Батюшков с Жуковским у Пушкина уже бывали и к нему давно приглядывались, но “официальное” представление молодого автора Карамзину [2] – другое дело. Он не участвует в литературных схватках и отошел от актуальных текстов, но его писательский авторитет высок. Сперанский для него – идейный враг: карамзинская “Записка о древней и новой России”, которую историк представил царю в Твери (1811), настраивала государя против перемен вообще и против Михаила Михайловича лично.
Тем не менее Карамзин в лицей приехал.
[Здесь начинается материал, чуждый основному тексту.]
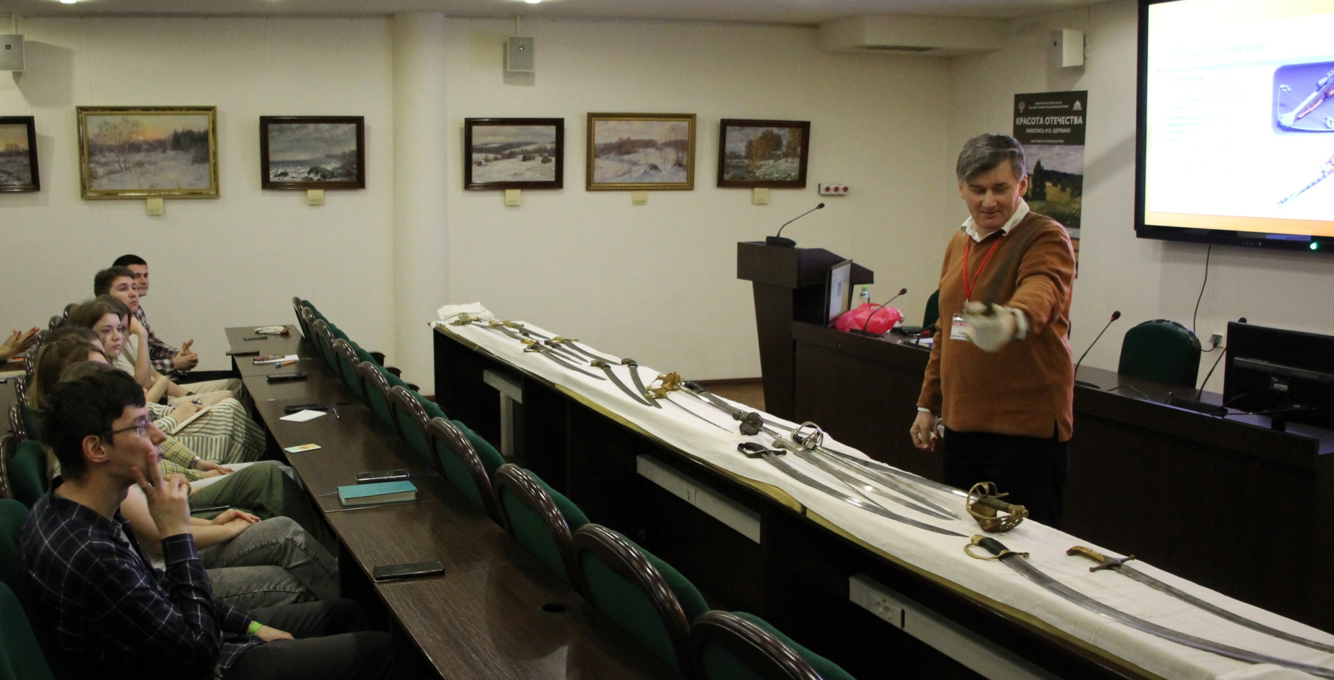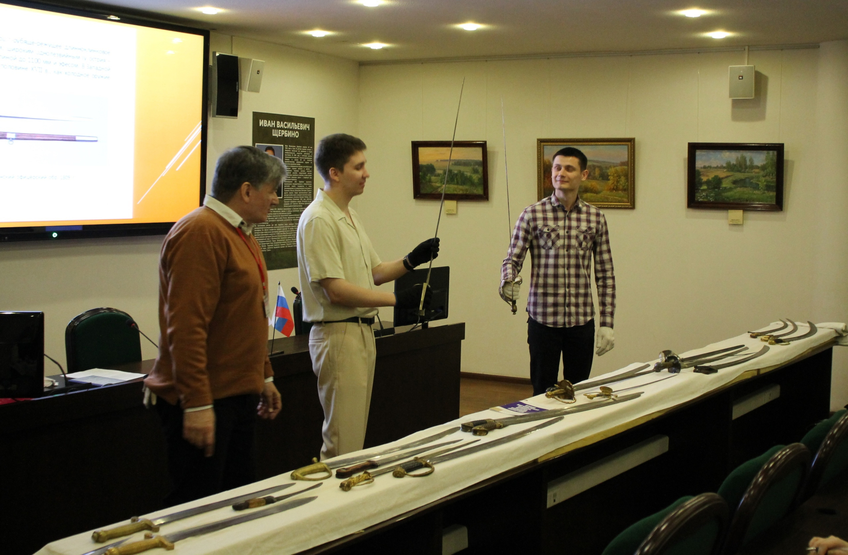 Сегодня тайны и секреты уникальных старинных палашей, шпаг, шашек, сабель и кинжалов раскрыл хранитель музейных предметов А.В. Зубарев.

Среди прочего и потому, что началась словесная война карамзинистов с литературным обществом “Беседа любителей русского слова”, в состав которого входили и литературные начальники, и жизнерадостные графоманы вроде графа Хвостова, и грандиозный Державин, в чьем доме проходили собрания, и великий баснописец, драматург и прозаик Крылов, и яркий архаический поэт Катенин; в какой-то мере “беседчиком” был великий драматург и дипломат Грибоедов.
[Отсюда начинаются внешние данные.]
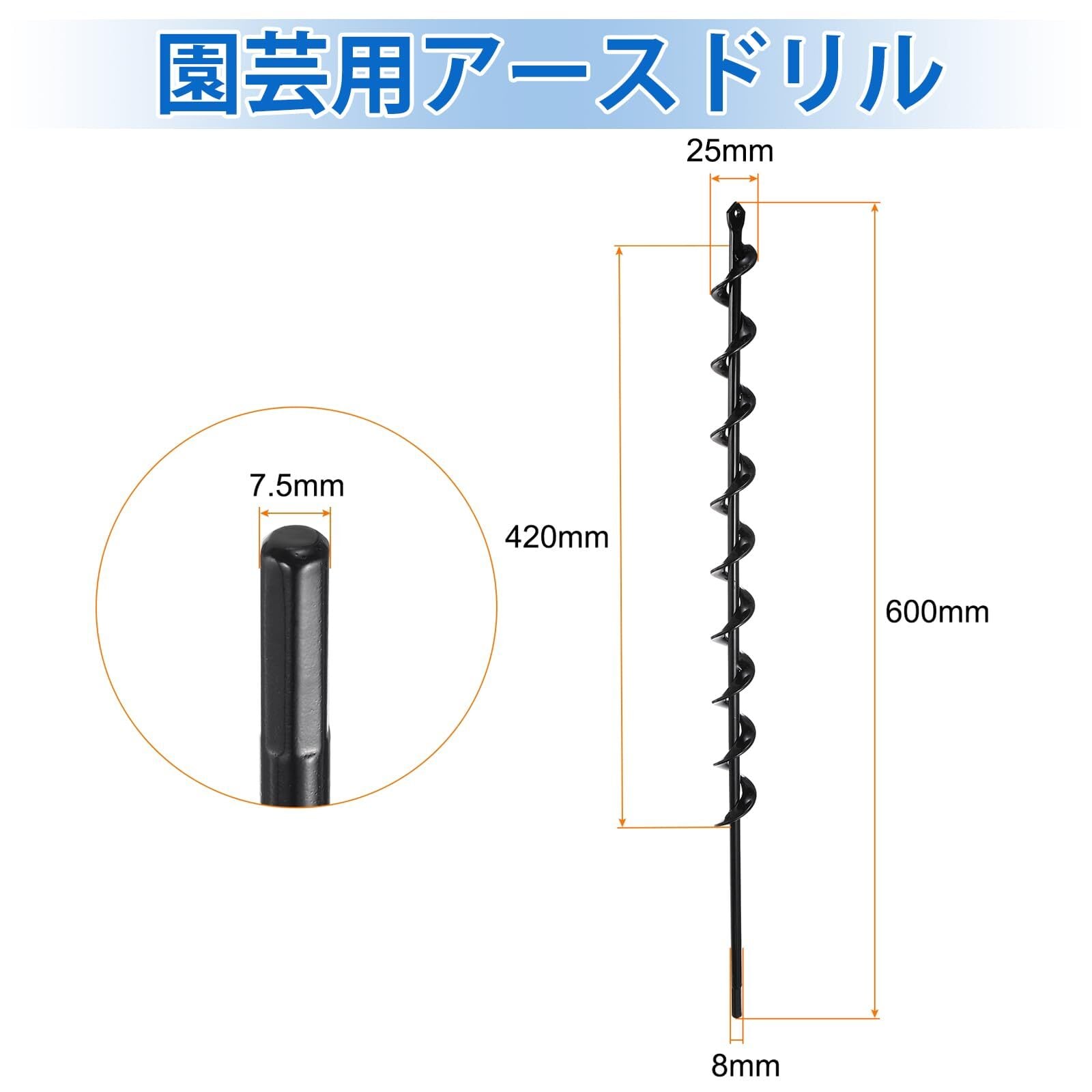 仕様:アースドリル 1本;カラー:黒;素材:炭素鋼;サイズ:全長:約600mm;幅:約420mm;直径:約25mm;ロッド径:約8mm;六角の幅:約7.5mm。アースドリルのサイズは手作業で計測しているため、多少の誤差が生じる場合があります。

Вóйны, в том числе литературные, часто начинаются случайно. В 1815 году член “Беседы” князь Шаховской написал комедию “Урок кокеткам, или Липецкие воды”, в которой вывел Жуковского в образе приглуповатого поэта Фиалкина:
…Фиалкин
Вовек не отопруся
От тех моих стихов, что были всей Москвой
С восторгом читаны. На вас самих пошлюся,
Графиня, что они…
Графиня
(с досадою)
Я не читала их.
На премьере присутствовали главные карамзинисты. Все оскорбились, кроме самого Василия Андреевича; отвечать решили сатирически. Литератор, будущий министр внутренних дел и председатель Госсовета граф Дмитрий Блудов сочинил сатиру “Видение в какой-то ограде”: трактирщик указывает гостям на приезжего, страдающего от лунатизма; в приезжем опознается князь Шаховской.
Так родилось всешутейное общество “Арзамас”. При чем тут городок Арзамас? Как Липецк у Шаховского: ни при чем. Просто Блудову показалось смешным, что в крошечном городке открыли настоящую школу живописи, – вот и подходящая причина. Арзамасцы поклонялись богу вкуса, получали новые имена, взятые из баллад Жуковского, вновь принятые произносили надгробную речь “живому покойнику” из “Беседы”, продолжали бесконечными пародиями, включая священные тексты, а завершали поеданием жареного гуся, поскольку уездный Арзамас славился особо жирными гусями.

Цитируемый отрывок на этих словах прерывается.